Keeping on theme with cards that will really test whether an Aetherdrift mechanic is good enough for constructed play, Afterburner Expert asks the question “what if copied the homework of Bloodghast and just changed it a little?” While they’re obviously different cards, the idea behind their power levels are the same - they pay you off for doing what your deck wanted to be doing anyways. If exhaust is a viable strategy, expect to see a ton of Afterburner Expert, especially since one in play can trigger the others in the graveyard.
6) Transit Mage
Going a little off-script here - I think the previous cards are obviously powerful, while this one has mostly been discussed in Commander - I think Transit Mage has serious sleeper potential. While a 3 mana 2/2 in today’s Standard is laughably bad stats-wise, consistency and tutoring effects are as powerful as they’ve always been, and Transit Mage grabs many of the new Gearhulks - and The Aetherspark, which may or may not be totally bonkers, depending on who you ask. It’s definitely something to keep an eye on, and I’ve been burned by underrating tutor effects before.
Allow me to echo a popular social media sentiment when it comes to Magic: The Gathering card design lately - why does this card do so much? For 2 green mana, you get a 3/3 with reach. Not a bad stopgap against some tempo-ish flying threats. But when that’s not relevant, you can also cycle the card for XGG, and destroy an artifact or enchantment of X mana value while doing it. This feels very much like a “not overtly powerful, but so good it goes in every green deck” kind of design, since it can be an early clock against control, an answer to problematic permanents later, or just a cycler to help make land drops or reinforce a mulligan.

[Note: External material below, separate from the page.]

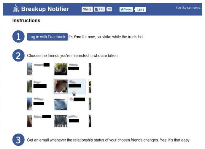 Εδώ έρχεται το breakup notifier. Με το που το εγκαθιστάτε στο facebook, σας βάζει να διαλέξετε ποια άτομα από τους φίλους σας θέλετε να παρακολουθεί (γιατί μπορεί να θέλετε να το παίξετε σε πολλά ταμπλό). Στη συνέχεια, όποιο απ’ αυτά τα άτομα αλλάξει το relationship status του, θα ειδοποιηθείτε άμεσα με e-mail, ώστε να μην χάσετε δευτερόλεπτο απ’ το να προσφέρετε μια παρήγορη αγκαλιά.

Another Start your engines! card that seems quite strong - Momentum Breaker is a guaranteed impact to an opponent’s board or hand, and slots perfectly into the UB bounce deck that has gained so much traction in Standard recently. Recurring its effect is where it really shines, and in a pinch, it can gain some life and change the math on racing.
A one mana discard effect is almost always going to be playable, whether it be main or sideboard. Intimidation Tactics does away with needing to decide between the two thanks to cycling, which fixes potential dead draws later in the game while topdecking into another shot at a relevant card. It’s also not a bad discard effect in its own right, exiling an artifact or creature in a format where graveyard recursion (see: #10 and #7 on this list alone) could be a defining feature.
I had to reread this card a few times. Where was the downside? That you need to play cycling effects when Aetherdrift introduces a slew of viable ones? That it costs a whopping 3 mana to put into play? I suppose if I really think about it, it’s vulnerable to a form of removal - artifact hate - that will be as popular in Standard post-Aetherdrift as it will have been in some time. But that’s not enough to stop this kind of value engine in my eyes, and I could see control-style decks having a field day with minimal win conditions and a bunch of cyclers that do the job well enough when needed but also function to draw 2 cards or slowly drain an opponent when the game is finally bogged down enough.
1) The New Verge Lands - Bleachbone Verge, Riverpyre Verge, Wastewood Verge, Sunbillow Verge, and Willowrush Verge
Look, sometimes you have to be boring and pick the new rare cycle of Standard lands, especially when they’re proven commodities in the Verge lands. These are excellent manabase fixers and will be at the core of dual-color strategies as long as they’re in Standard, and they’ll be ubiquitous for that reason. What’s more powerful than a huge metagame share, right?